_What is expected_.
Which lines run from the one with "PARTY SECRET: The" through the end of the data? Retype them exactly, without pictures.

(Data records)
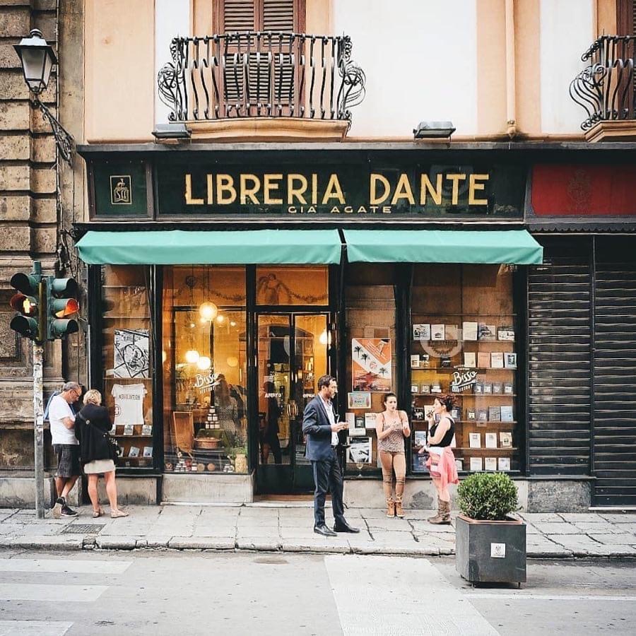 The Blue Salon in Palazzo La Bella Palermo. Below, Bisso Bistrot restaurant, in the former Libreria Dante bookshop, Palermo
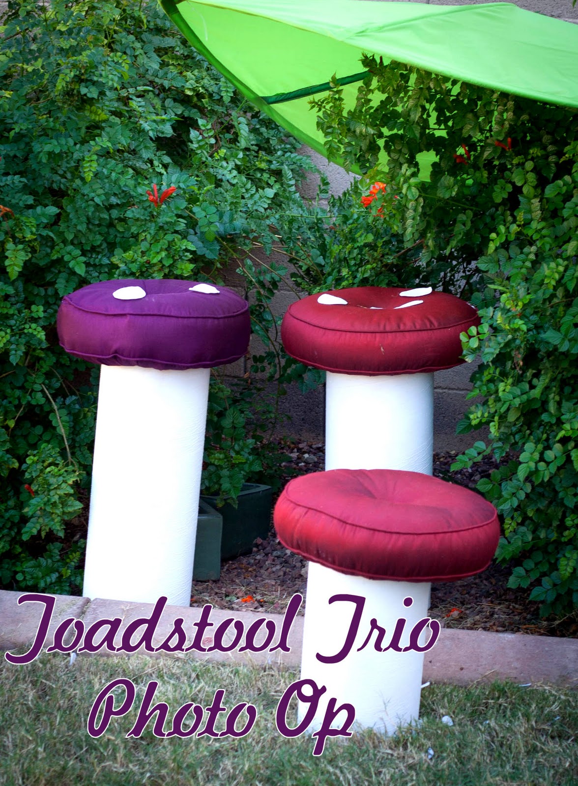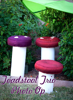 PARTY SECRET: The bases of the toadstools are made from an 8″ concrete form sawed in pieces and spray painted white. The tops are just round decorative pillows with white felt circles.
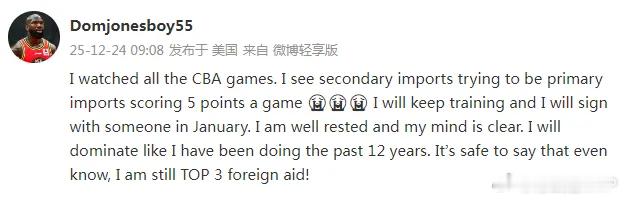 自认CBA排名前三的外援又开始喊话了,让CBA球队在明年一月份把自己签了。已经不记得这是多米尼克-琼斯第几次公开求职了。这次他还不点名嘲弄了一位单场只得到5分的外援。琼斯在微博上写道:“我看了所有的CBA比赛。那些试图扮演核心外援的低水平外援单场只得5分,我会保持训练,一月份就会和某支球队签约。我现在身心状态俱佳,头脑清晰,我会像过去12年那样继续统治比赛。即便是在当前,我依旧是CBA前三的外援!”他说的这个单场才得五分的核心外援是谁?
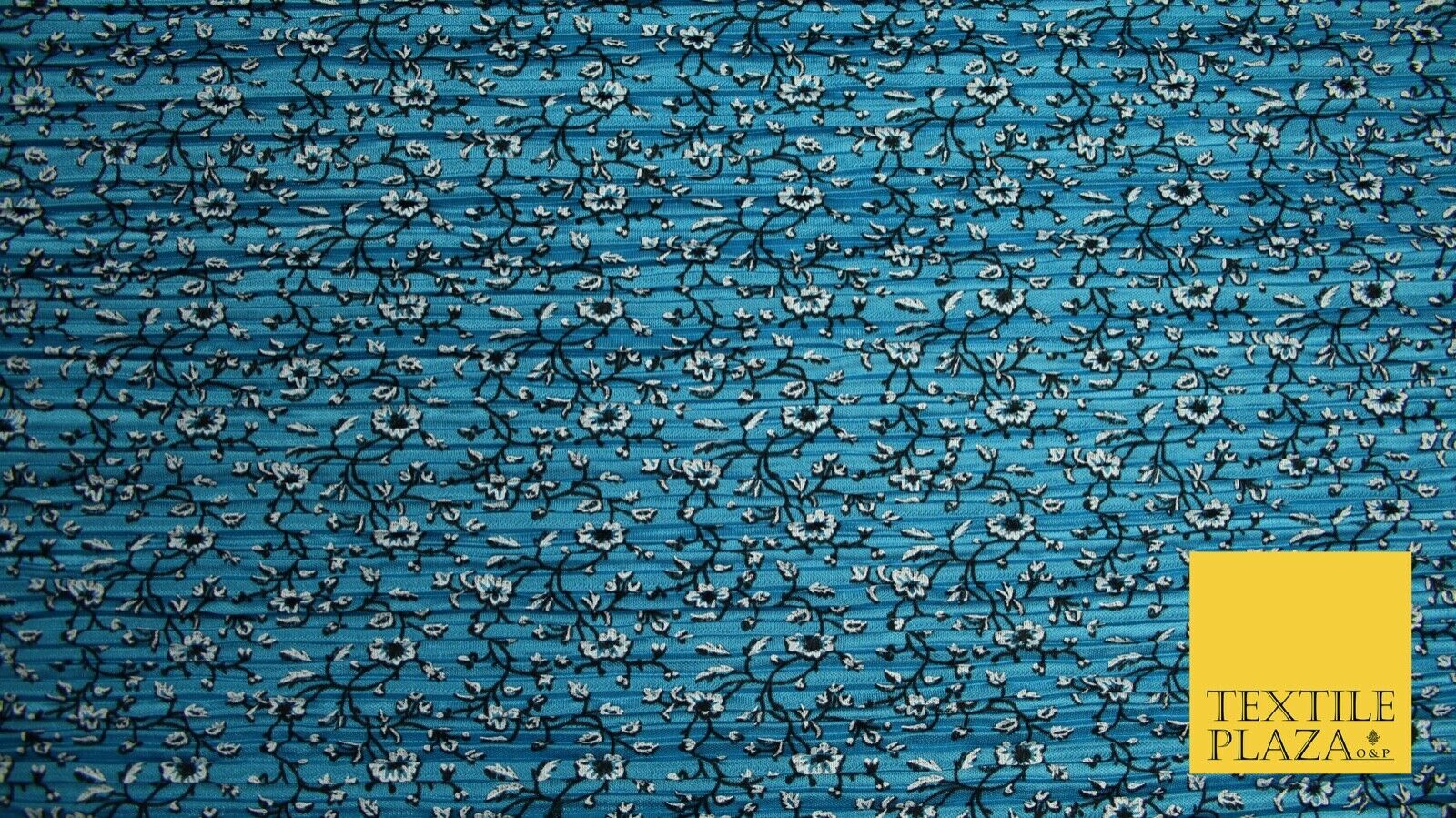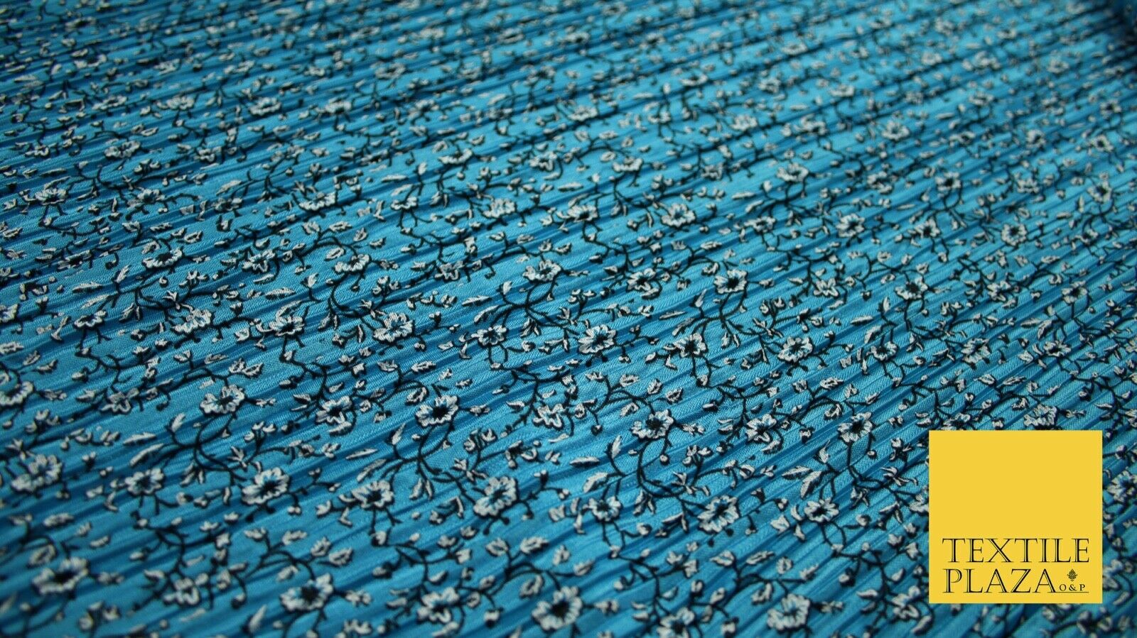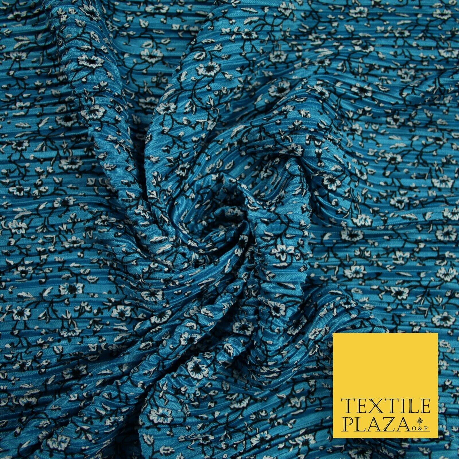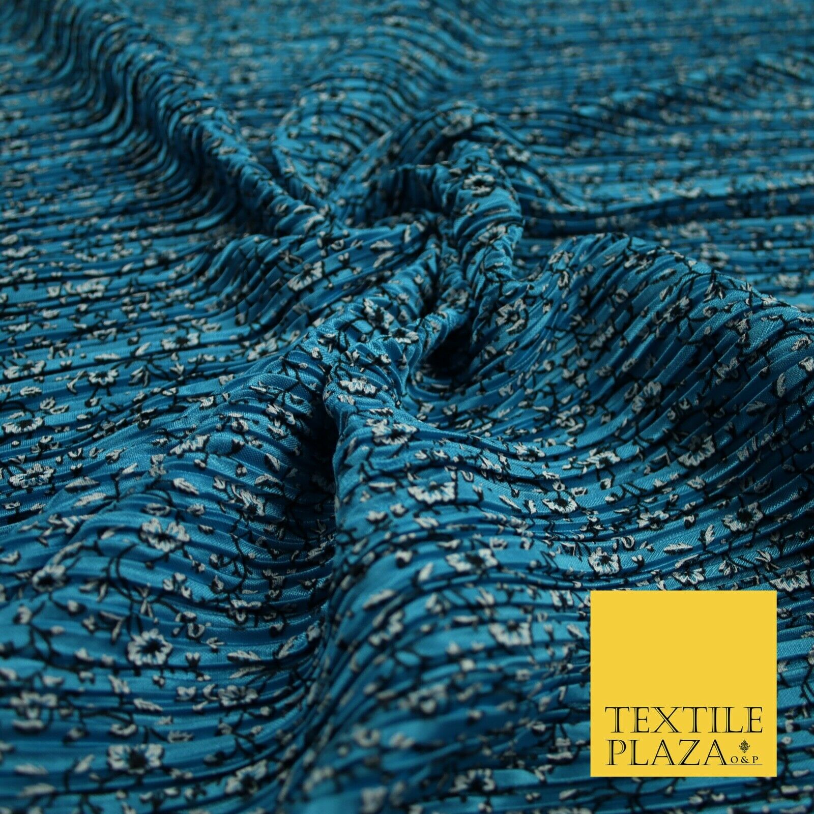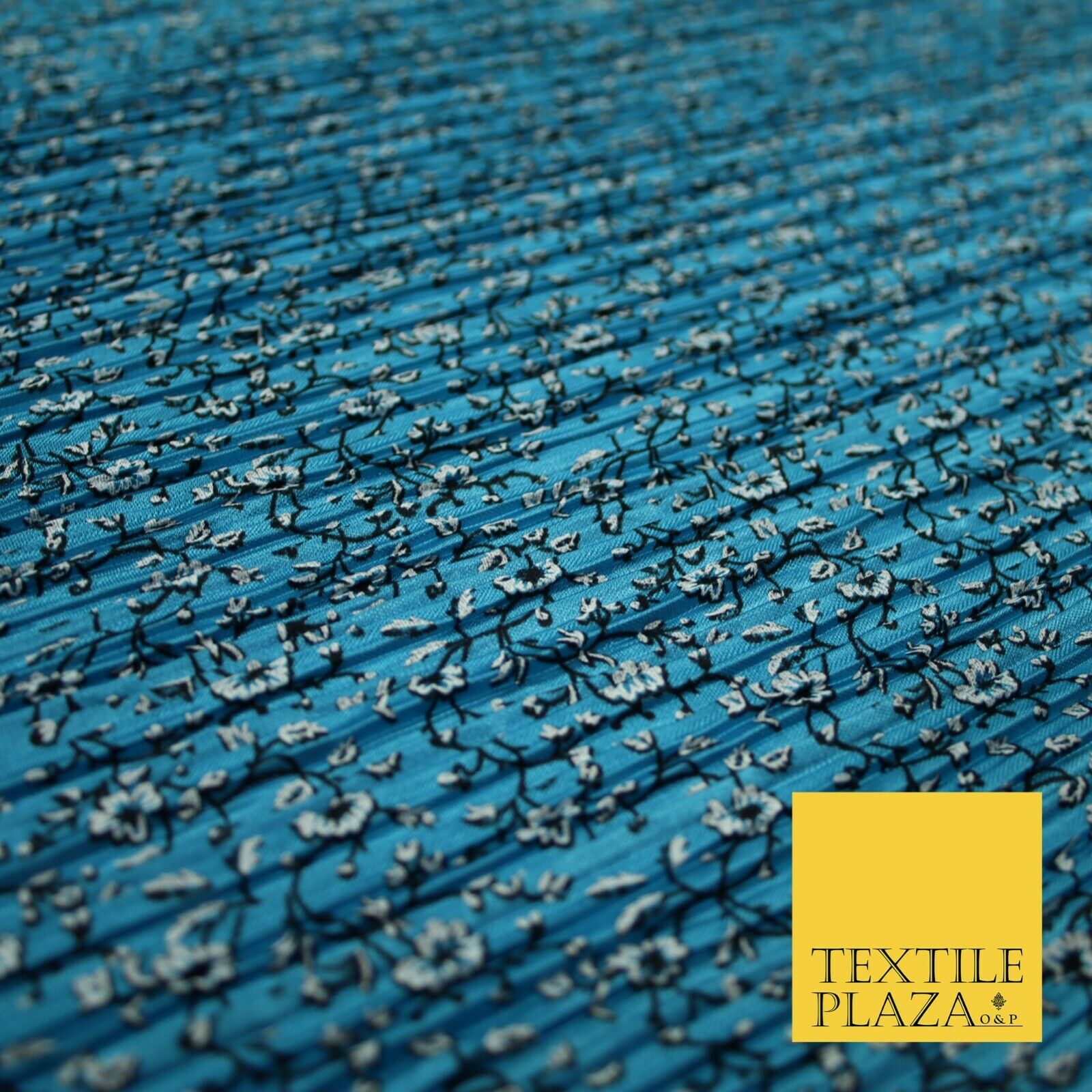 Turquoise Blue Floral Ditsy Print Pleated Plisse Satin Stretch Dress Fabric 6477
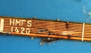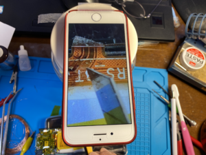 5mm幅くらいのなかに9本の配線が施されているため、線が細くて線間が狭く、肉眼では見えないので、スマートホンの拡大鏡アプリを使って作業。
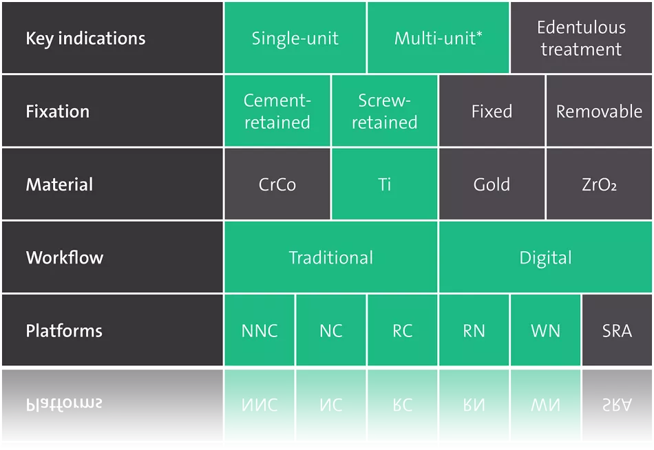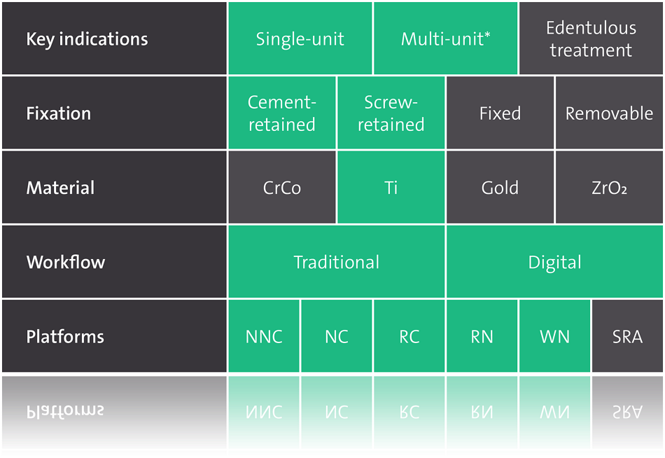 *Only cemented multi-unit restorations possible.
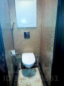 Стены в туалете и ванной- красивая мозаика. Подвесной унитаз. Гигиенический душ.

_Exercise answer_.
 PARTY SECRET: The bases of the toadstools are made from an 8″ concrete form sawed in pieces and spray painted white. The tops are just round decorative pillows with white felt circles.
 自认CBA排名前三的外援又开始喊话了,让CBA球队在明年一月份把自己签了。已经不记得这是多米尼克-琼斯第几次公开求职了。这次他还不点名嘲弄了一位单场只得到5分的外援。琼斯在微博上写道:“我看了所有的CBA比赛。那些试图扮演核心外援的低水平外援单场只得5分,我会保持训练,一月份就会和某支球队签约。我现在身心状态俱佳,头脑清晰,我会像过去12年那样继续统治比赛。即便是在当前,我依旧是CBA前三的外援!”他说的这个单场才得五分的核心外援是谁?
 Turquoise Blue Floral Ditsy Print Pleated Plisse Satin Stretch Dress Fabric 6477
 5mm幅くらいのなかに9本の配線が施されているため、線が細くて線間が狭く、肉眼では見えないので、スマートホンの拡大鏡アプリを使って作業。
 *Only cemented multi-unit restorations possible.
 Стены в туалете и ванной- красивая мозаика. Подвесной унитаз. Гигиенический душ.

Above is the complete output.